Completed the top and bottom plate, used some black walnut and an oak ply centre infill.






I put all the timber items and glass on to some scales and with the trophy it is going to weigh over 5lbs. nearly 2 kilos. Decided that the present frames of the cabinet were not substantial enough to bear its weight when hung in a hall at it intended home. Therefore I decided to make an additional back frame in oak 35mm x 16mm as the picture below.






Normally I would rip the oak used on my tablesaw but because the bandsaw was in such a good mood and saved changing the tablesaw blade I ripped as per picture,






Then was able to cut tenons on my tablesaw without having to change the blade.






Mortises were cut by hand using my 55 year old mortise chisel ( which had a resharpen and grind for its first time in many years on you know what. (T7)

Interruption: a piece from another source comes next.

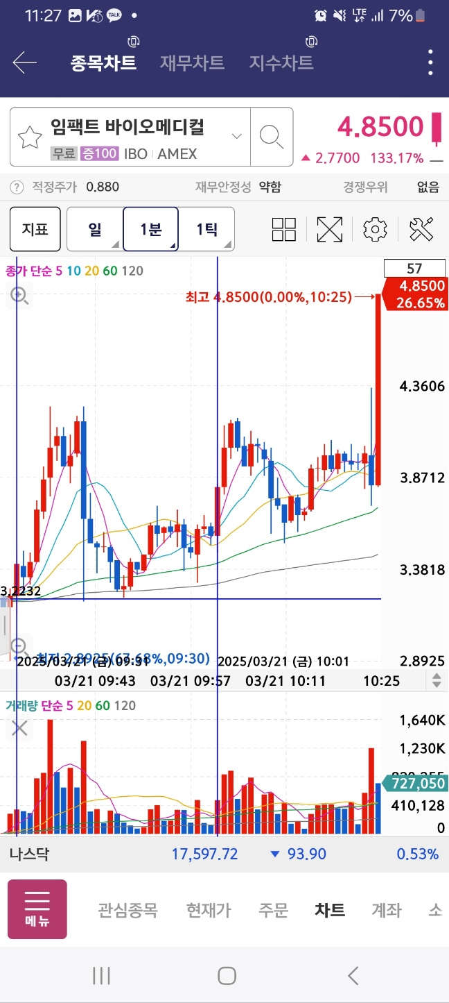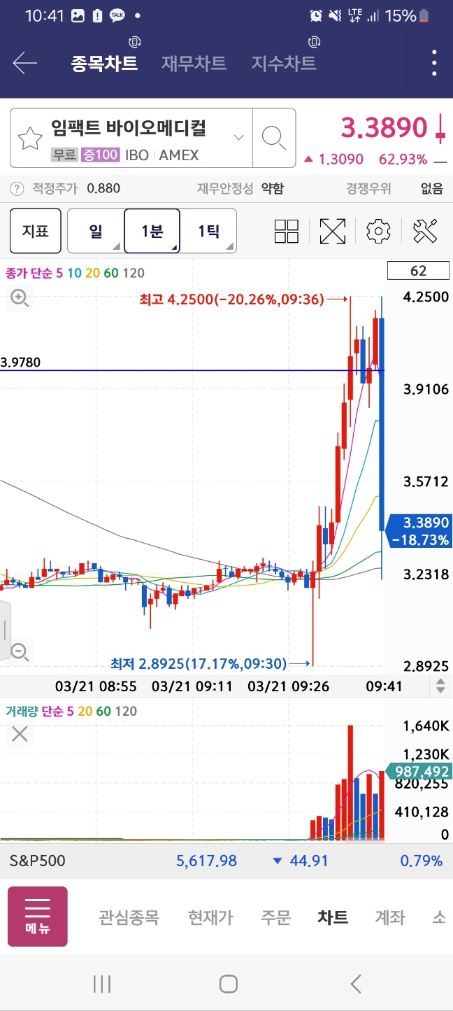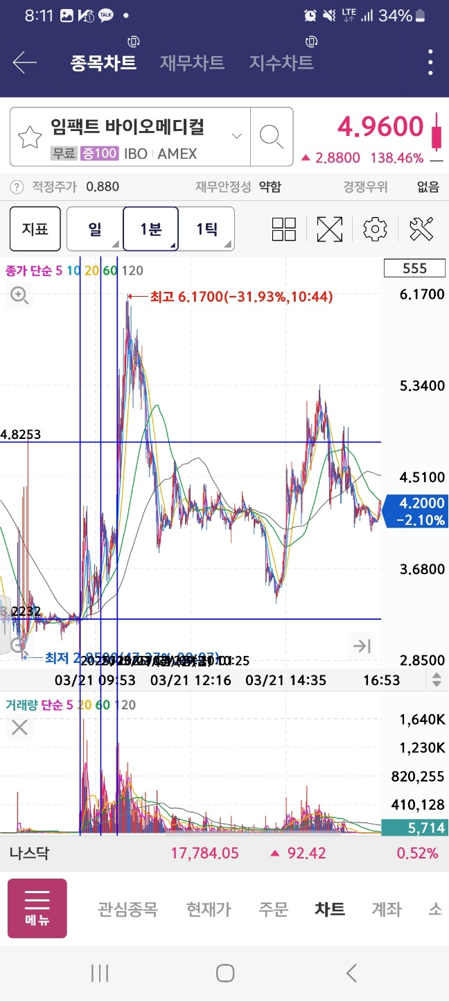 최종 차트이다. 임펙트는 해당 지점보다 더더 높이 올라가면서 6달러까지 돌파후 마감한다.
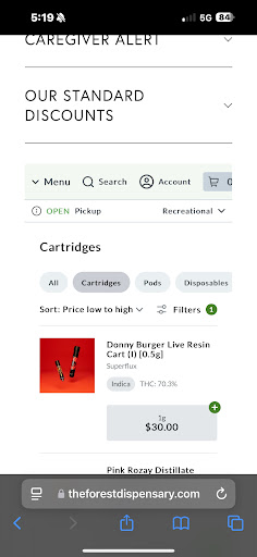 I placed a pre-order online, specifically choosing a 1g cartridge using the weight filter. When I got home and opened the bag they staple, Then I realized I had only received a 0.5g cartridge instead. So, I just wasted $30 on half the product I expected. If that’s not false advertising then, I don’t know what is. Only realizing after I looked at it online again it’s said .5 on top but a full gram one the bottom where you click also on the receipt it says 2.83 g and then below it says .05 g which one is it or is it a ploy to scam

So I am now approaching the glue up stage for all items and wondering :!:


----------



## stoatyboy (2 May 2011)

Nice thread - and good to see you back in the shop - as ever building stuff at a speed that puts me to shame

cheers


----------



## devonwoody (3 May 2011)

Another day.

I want to glaze the frames and door of cabinet before gluing up, this is because the frames are oak and pinning in glass beads I know must be difficult because of the hard timber.
So I needed beads of 4mmx 7mm with a round over edge. My thicknesser will not thickness under 7mm so I got out that packing board which is 15.8mm thick so if I set the machine at 19.8mm I should come out the other end at 4mm!.











This worked out OK and I rounded over the strips both edges on the router table and then took them over to the tablesaw and reduced them to the 7mm widths required as per picture. (you might be interested in that Axminster hold down, it holds the timber against the fence and down on to the table)






beading strips now ready for the glazing. I am going to pre drill frame and beading, I would like to use brass pins but I don't think I will succeed? 
Any suggestions ?


----------



## Eric The Viking (3 May 2011)

devonwoody":mw5h1har said:


> I am going to pre drill frame and beading, I would like to use brass pins but I don't think I will succeed?



Why not? If you're pre-drilling it ought to work fine, surely?

You might still get bronze pins from a chandlers. Almost the same colouir, especially if polished, but that little bit stiffer.

I like the holddown, by the way. It's a simple but good idea, and fairly easy to make up, methinks.

E..


----------



## devonwoody (3 May 2011)

Eric, thank you for the chandler tip, we have got one down at the harbour.

The ali hold down by the way is cranked so it will also hold down thicker pieces as well. But it was quite cheap at Axminster and it holds well in the mitre slot, it seems to expand in the slot, I dont know why tho!


----------



## bosshogg (3 May 2011)

devonwoody":12iwwrka said:


> Actually Eric, it also works as a flux when soldering with some solders.
> 
> I caught the flux once when I was soldiering with some soldiers
> 
> ...


----------



## devonwoody (3 May 2011)

bosshogg":7jhp4mmj said:


> devonwoody":7jhp4mmj said:
> 
> 
> > Actually Eric, it also works as a flux when soldering with some solders.
> ...




And did it burn your fingers. :roll:


----------



## Anonymous (3 May 2011)

I really do enjoy your wips, good work with a few extra pics thrown in of the mackerel etc, would make for a good blog.


----------



## bosshogg (3 May 2011)

No, I got sore feet though, these soldiers are a hard bunch,,,*Mum can you run me a mustard bath*



> you cant fix a problem thinking the same way that created it


----------



## devonwoody (4 May 2011)

Bad day Tuesday. Decided I would have to fit the hinges before glazing, and I know I definitely purchased some quality forged brass hinges last year and I spent hours looking for them. (they are in a glass jar) No luck. However I did find these fixing pins, old boot tacks and model railway brass track pins etc. So dug out my dremel and small drill bits, cannot put them in an electric drill, they would only last about three seconds :shock: 






Also got a deadline to meet on that tissue box so machined and glued up the lid portion.


----------



## devonwoody (5 May 2011)

Found some older hinges and cleaned them up and prepared door and carcass frames to fit. 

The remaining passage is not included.